Records provided:
Start of Block

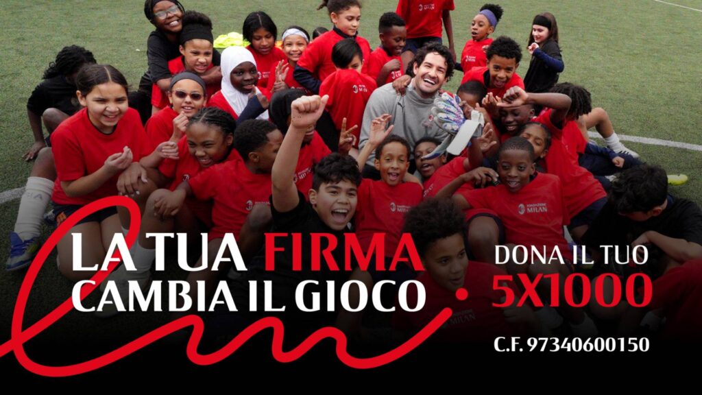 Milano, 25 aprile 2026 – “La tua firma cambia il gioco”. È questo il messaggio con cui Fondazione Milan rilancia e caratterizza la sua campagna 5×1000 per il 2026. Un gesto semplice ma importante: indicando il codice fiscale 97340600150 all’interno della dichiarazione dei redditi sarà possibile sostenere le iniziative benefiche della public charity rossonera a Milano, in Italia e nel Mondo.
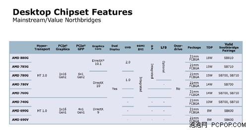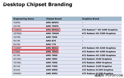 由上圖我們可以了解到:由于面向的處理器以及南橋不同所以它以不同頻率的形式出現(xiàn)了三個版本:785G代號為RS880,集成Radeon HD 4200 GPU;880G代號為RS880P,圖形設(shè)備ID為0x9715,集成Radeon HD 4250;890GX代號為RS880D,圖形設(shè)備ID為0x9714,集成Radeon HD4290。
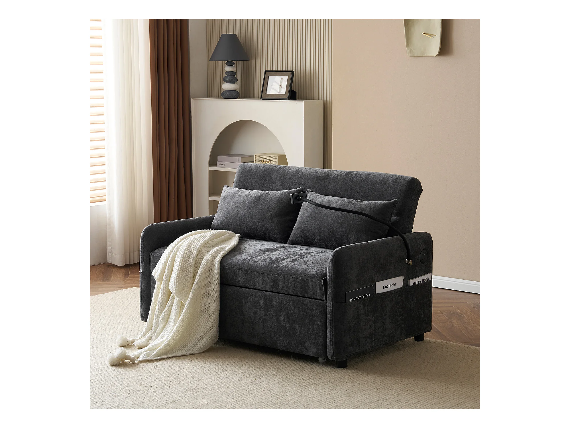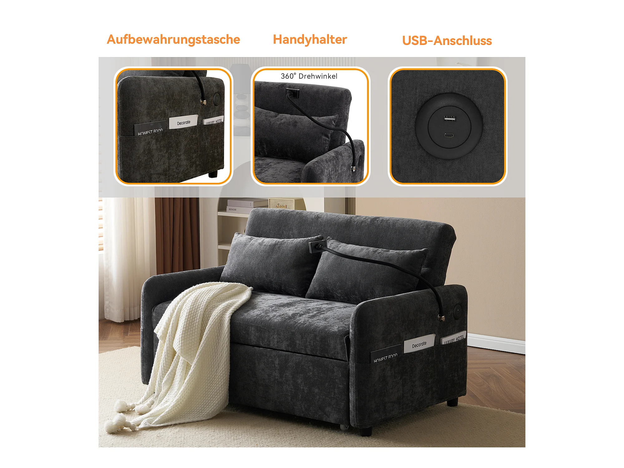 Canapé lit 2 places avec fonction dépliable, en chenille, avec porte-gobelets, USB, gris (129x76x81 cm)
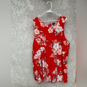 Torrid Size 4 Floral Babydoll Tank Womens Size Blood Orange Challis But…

End of Block
Start of Block

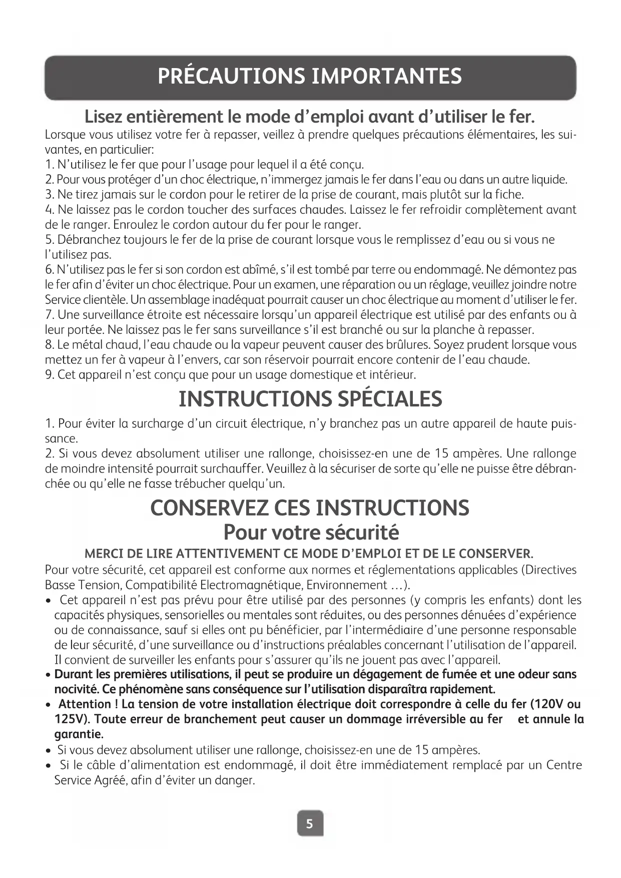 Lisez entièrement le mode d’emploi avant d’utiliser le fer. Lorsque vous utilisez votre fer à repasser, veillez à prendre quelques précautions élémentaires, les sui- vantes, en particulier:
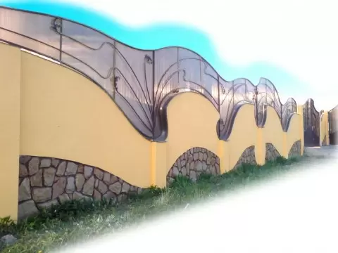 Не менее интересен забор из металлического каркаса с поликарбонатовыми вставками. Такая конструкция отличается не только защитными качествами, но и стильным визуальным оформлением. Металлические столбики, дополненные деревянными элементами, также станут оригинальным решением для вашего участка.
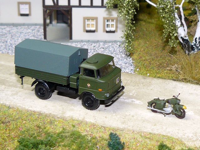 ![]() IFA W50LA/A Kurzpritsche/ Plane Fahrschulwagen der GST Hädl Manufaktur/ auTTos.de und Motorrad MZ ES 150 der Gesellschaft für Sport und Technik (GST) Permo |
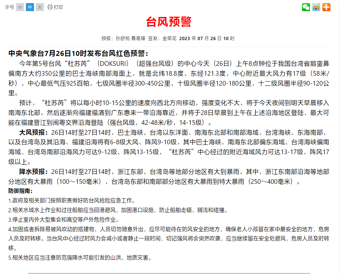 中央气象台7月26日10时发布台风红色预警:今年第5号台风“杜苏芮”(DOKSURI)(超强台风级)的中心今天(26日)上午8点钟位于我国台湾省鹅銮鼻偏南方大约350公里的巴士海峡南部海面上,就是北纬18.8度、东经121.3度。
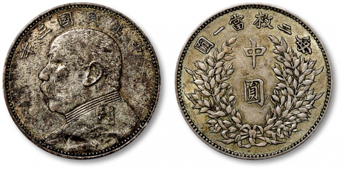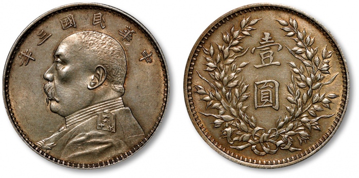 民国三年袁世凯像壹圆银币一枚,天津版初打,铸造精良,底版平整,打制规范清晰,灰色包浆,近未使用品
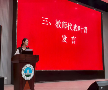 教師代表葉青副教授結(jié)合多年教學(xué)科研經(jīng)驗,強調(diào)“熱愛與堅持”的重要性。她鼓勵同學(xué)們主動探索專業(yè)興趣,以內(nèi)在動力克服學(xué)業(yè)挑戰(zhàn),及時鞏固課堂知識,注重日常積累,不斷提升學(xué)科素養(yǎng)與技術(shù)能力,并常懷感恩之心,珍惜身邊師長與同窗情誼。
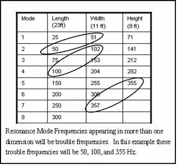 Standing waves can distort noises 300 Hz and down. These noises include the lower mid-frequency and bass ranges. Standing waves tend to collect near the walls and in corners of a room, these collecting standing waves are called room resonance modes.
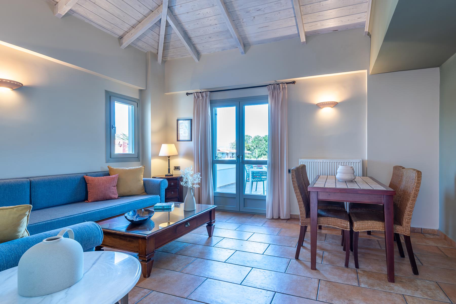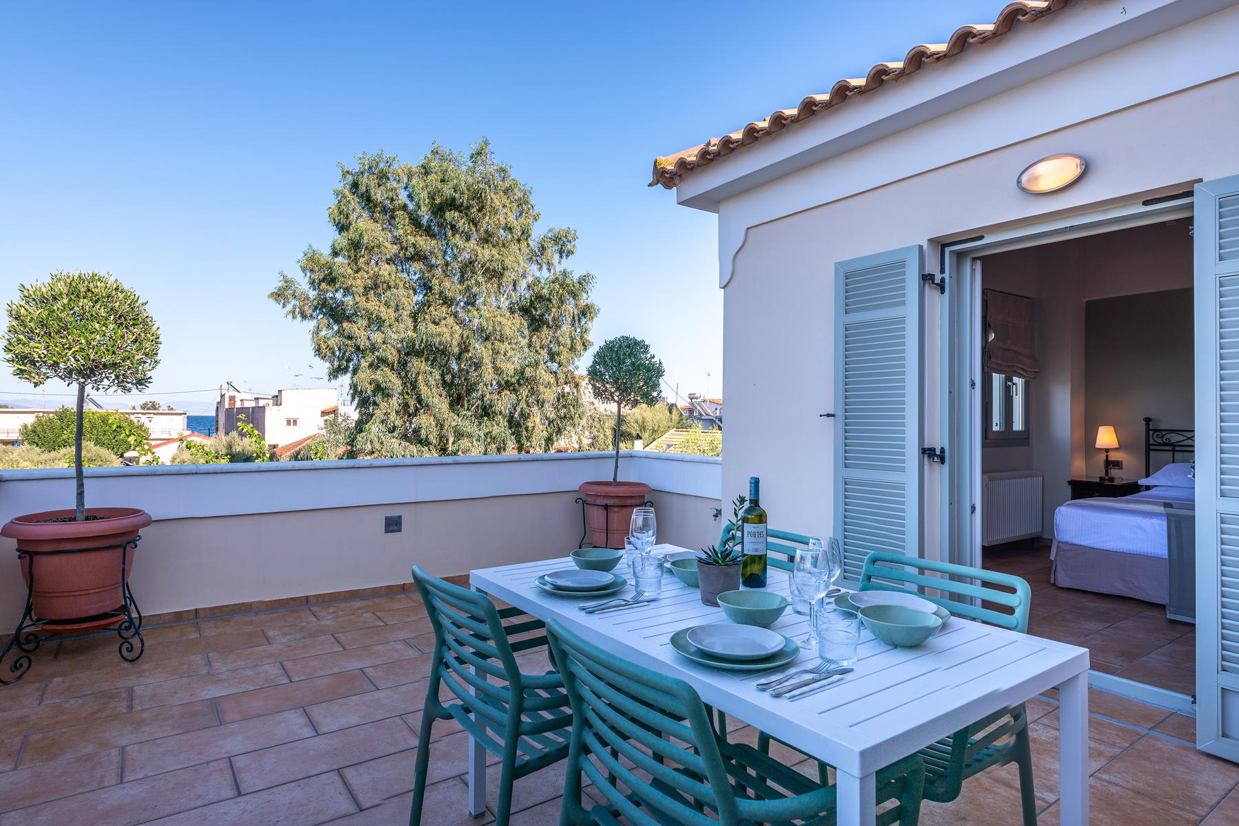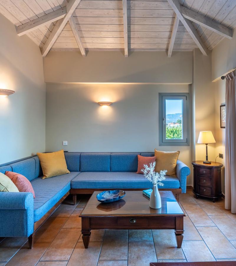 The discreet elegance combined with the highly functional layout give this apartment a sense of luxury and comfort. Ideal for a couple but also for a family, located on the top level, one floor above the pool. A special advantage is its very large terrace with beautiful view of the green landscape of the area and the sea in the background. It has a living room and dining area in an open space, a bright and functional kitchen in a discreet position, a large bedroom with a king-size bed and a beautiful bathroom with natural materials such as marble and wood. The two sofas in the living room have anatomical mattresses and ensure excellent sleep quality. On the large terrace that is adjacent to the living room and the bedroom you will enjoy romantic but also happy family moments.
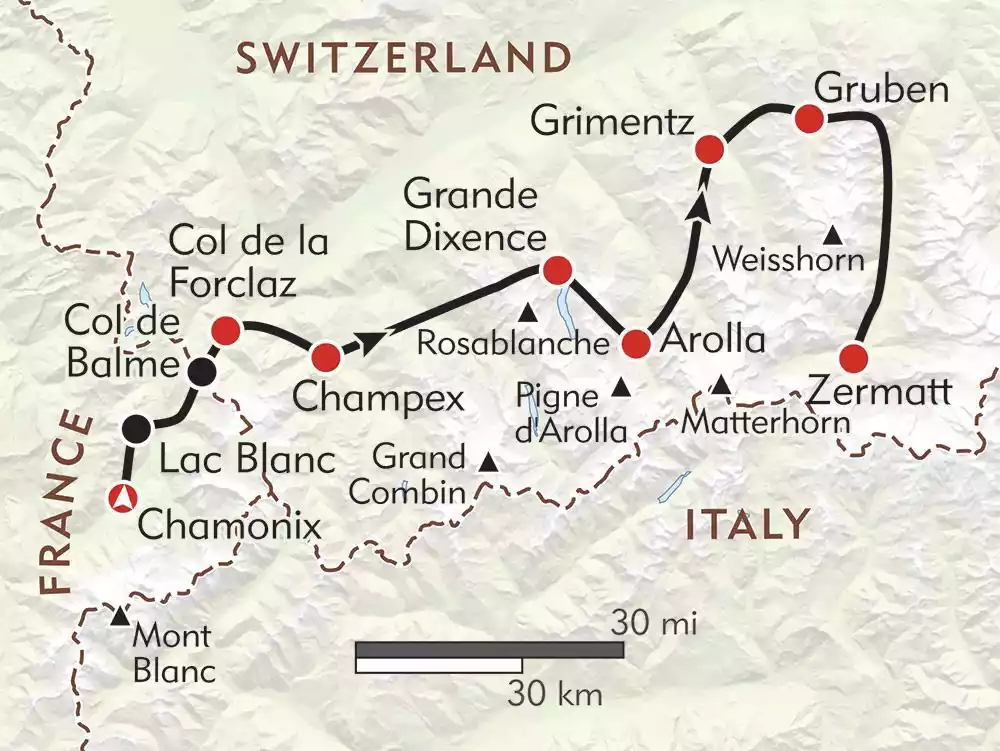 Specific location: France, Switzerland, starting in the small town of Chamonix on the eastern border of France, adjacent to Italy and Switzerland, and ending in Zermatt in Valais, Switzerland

End of Block

Assigned task:
Return word for word the lines of the listing above, starting at the line with "民国三年袁世凯像壹圆银币一枚" and ending at the line with "Standing waves can", both included. Pictures do not belong in the copy.

Result of the task:
 民国三年袁世凯像壹圆银币一枚,天津版初打,铸造精良,底版平整,打制规范清晰,灰色包浆,近未使用品
 教師代表葉青副教授結(jié)合多年教學(xué)科研經(jīng)驗,強調(diào)“熱愛與堅持”的重要性。她鼓勵同學(xué)們主動探索專業(yè)興趣,以內(nèi)在動力克服學(xué)業(yè)挑戰(zhàn),及時鞏固課堂知識,注重日常積累,不斷提升學(xué)科素養(yǎng)與技術(shù)能力,并常懷感恩之心,珍惜身邊師長與同窗情誼。
 Standing waves can distort noises 300 Hz and down. These noises include the lower mid-frequency and bass ranges. Standing waves tend to collect near the walls and in corners of a room, these collecting standing waves are called room resonance modes.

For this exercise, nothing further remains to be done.